Earlier, students were given quadratic equations and asked to reason about the graphs that represent them. Here, they reason the other way around: they write equations that can be represented by given graphs. To do so, students need to apply their insights about the structure of quadratic expressions in different forms and their connections to the graphs (MP7).

To help students write and check their equations, at least 3 points on each graph are labeled with their coordinates. In some cases, it is easier to write an equation in factored form. In other cases, an equation in standard form can be more easily derived. Identify students who are attentive to the information given in the graph and use it strategically. Invite them to share during discussion.

Provide access to graphing technology.

The activity allows for instant feedback to students (if an equation is incorrect, the graph that results will not match the given graph). Because the equations increase in complexity as students move from Graph A to Graph J, students may find that their equations are off but not know what the issue is or how to correct them. Consider arranging students in groups of 2 so that they can discuss how to write the more-challenging equations.

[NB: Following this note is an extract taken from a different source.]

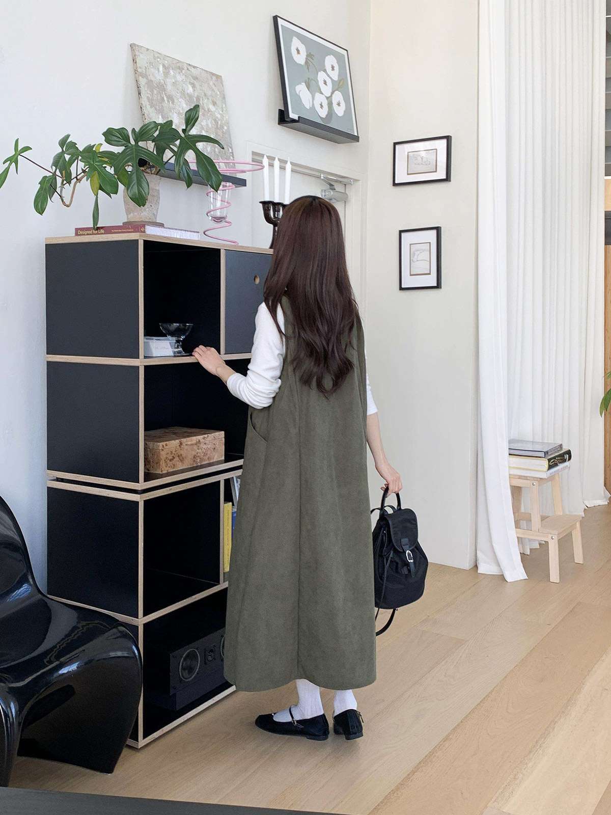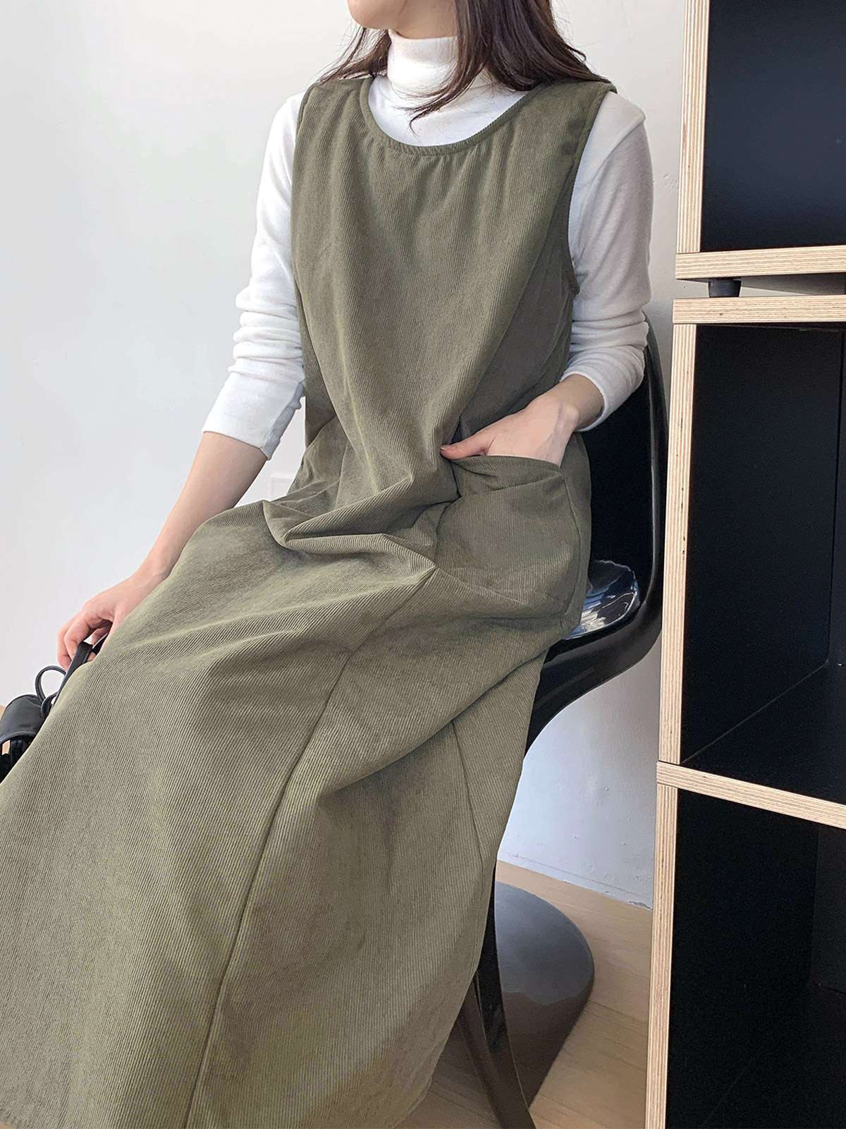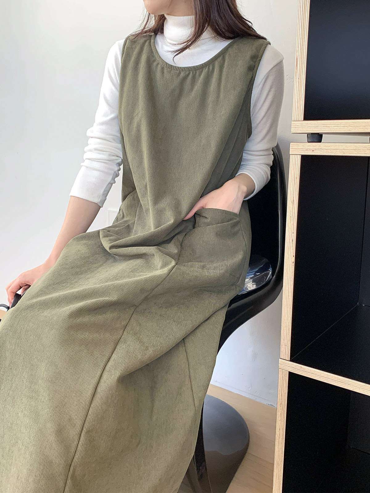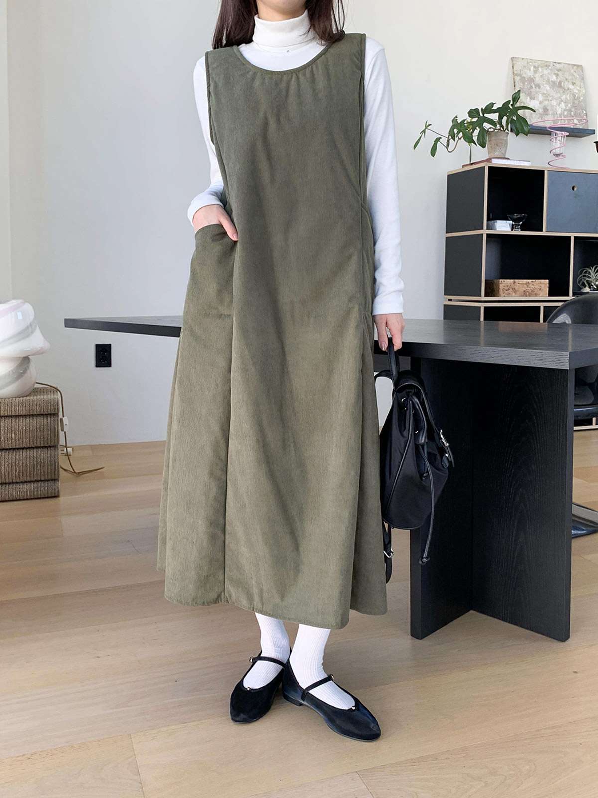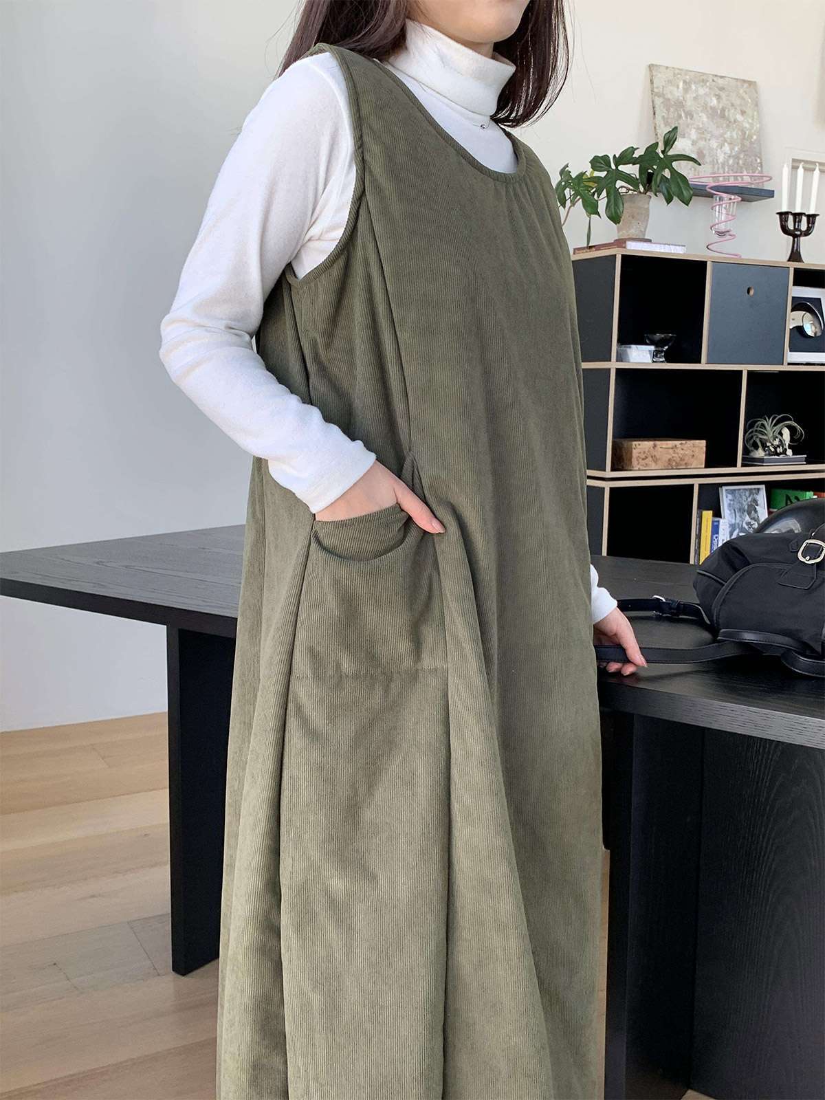 따뜻하고 부드러운 골덴 소재에 누빔 안감을 더해 포근하게 착용하기 좋은 민소매 롱 원피스

Select students to share their strategies for writing equations. Highlight explanations such as:

• When the graph opens up, the \(x^2\) term in standard form has a positive coefficient. When it opens down, the \(x^2\) term has a negative coefficient.
• When two \(x\)-intercepts are known, we can write the equations in factored form.
• When the \(y\)-intercept is not at \((0,0)\) and the graph is centered on the \(y\)-axis, the equation in standard form will have the form of \(ax^2+c\) (no linear term) and \((0,c)\) is the \(y\)-intercept. (A linear term would have shifted the graph horizontally as well as vertically so it would not be centered on the \(y\)-axis.)
• When \((0,0)\) is the only \(x\)-intercept, the \(y\)-intercept, and the vertex, the equation in standard form has only the squared term (\(ax^2\)). If there was a linear term, the graph would not be centered on the \(y\)-axis. If there was a constant term, the graph will move up or down and either cross the \(x\)-axis in two places or not cross it at all (that is, there would be two \(x\)-intercepts or none).

Consider discussing Graph F, as it is unlike most graphs students have seen so far (it has only one \(x\)-intercept at \((2,0)\) and one \(y\)-intercept that is not at the origin). Here a couple of approaches:

• Help students see that the factored form is still useful here. Students may guess that \((x-2)\) is one of the factors (because multiplying any number by \(2-2\) would give an output of 0) but may be unsure about the second factor. Point out that the second factor is also \((x-2)\) because there is no other \(x\)-intercept. Expanding \((x-2)(x-2)\) into standard form gives \(x^2-4x+4\), which allows us to see that the \(y\)-intercept is \((0,4)\).
• If we shift this graph down 4 units, it will intercept the \(x\)-axis at 0 and 4 and its equation would be \(y=x(x-4)\) or \(y=x^2-4x\) (per what we learned earlier). To arrive at the Graph F, we would have to move it back up 4, making the equation \(x^2-4x+4\).